Strike Force Blacklock was set-up in 2016 to investigate the supply of restricted substances and illicit drugs by Slater, who at that time was a part-owner of Amcal Max Rutherford, Telarah Pharmacy, McKeachies Run Pharmacy, The Morpeth Pharmacy, Amcal Waratah and Old Bar Pharmacy, according to a statement of police facts.
Police were listening in when Slater negotiated the sale of steroids and other medication associated with bodybuilding to a well-known professional bodybuilder.
And when they stopped Slater’s car in East Maitland on April 5, 2016, they found 16 boxes containing 48 syringes of testosterone, 60 capsules of Phentermine, used for weight loss, drugs which block the growth of estrogen and Melatonin.
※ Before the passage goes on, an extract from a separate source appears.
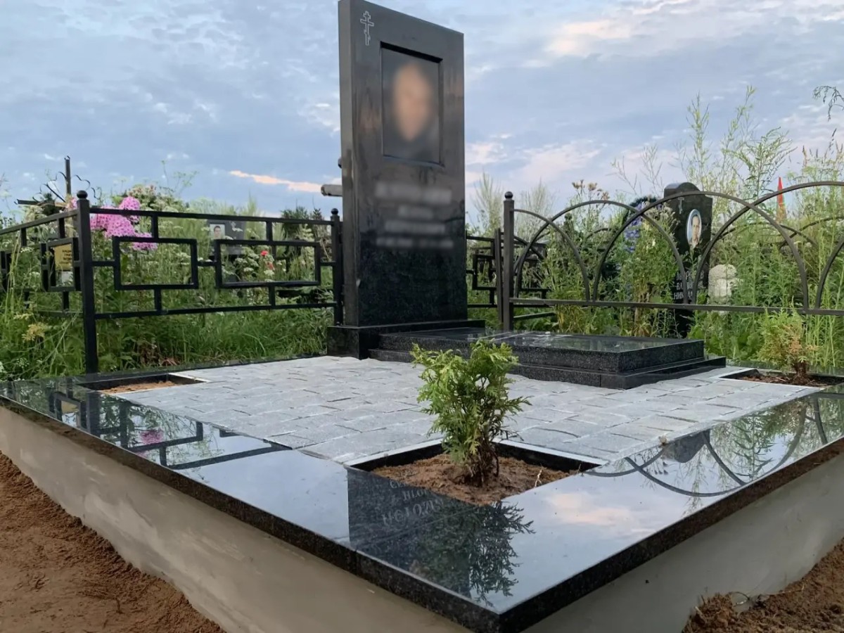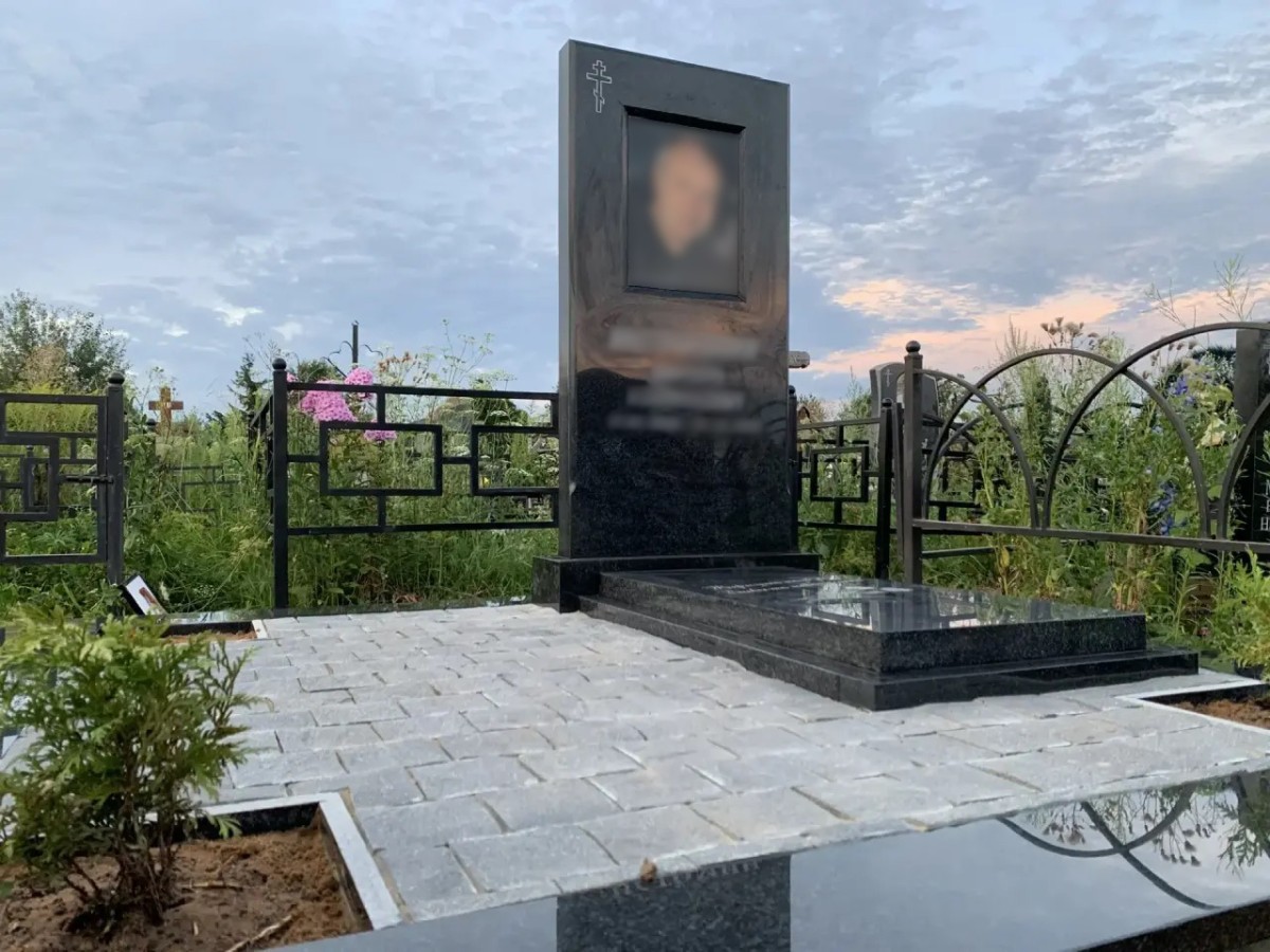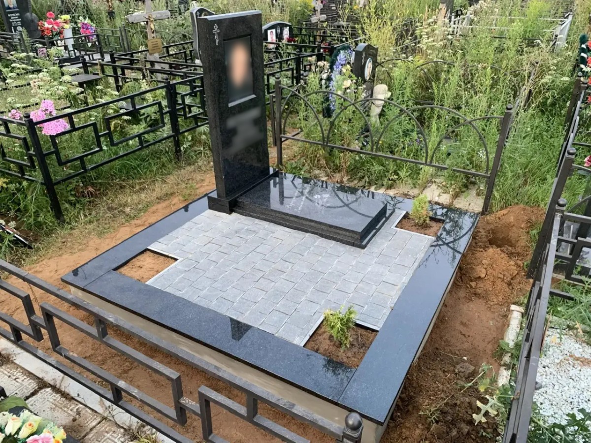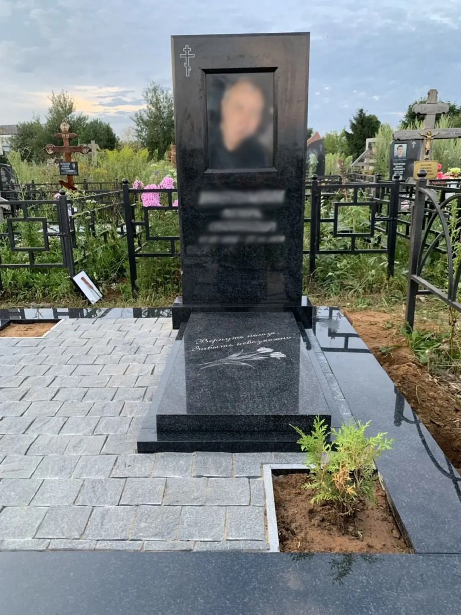 • Гранитный цоколь и основание: Участок обрамлен плоским гранитным бордюром, который служит четкой границей мемориала. Весь комплекс установлен на капитальный бетонный подиум, гарантирующий отсутствие просадок.

“I’m just transporting some stock between my shops,” Slater told police.
“I’m a pharmacist.”
Steroids are a prohibited drug, and despite Slater’s profession he was supplying them for an unlawful purpose, outside of work hours and without a prescription, according to police facts.
Two months later, detectives and NSW Health officers raided Amcal Max Pharmacy at Rutherford, Slater’s home and the other pharmacies he had links to.
Slater ultimately pleaded guilty to two counts of supplying a prohibited drug and one of failing to comply with the conditions of his license after Mr Harper managed to negotiate the withdrawal of a number of other serious charges.
On Thursday, when it came time for Slater to be sentenced, police prosecutor Sergeant Garry Rowe pushed Mr Chicken to impose a custodial sentence, saying a message needed to be sent to the community.
“The circumstances here is we have a professional man who chose independently to involve himself in this illicit industry,” Sgt Rowe said.
Mr Harper submitted that the matter could be dealt with without a conviction.
Slater is someone the court would deem a “good vehicle for general deterrence”, that is, others in the industry could heed his mistakes and, hopefully, not stray down the same path.
And ultimately, Mr Chicken came down somewhere in the middle; convicting Slater, imposing an 18-month good behaviour bond and fining him a total of $800.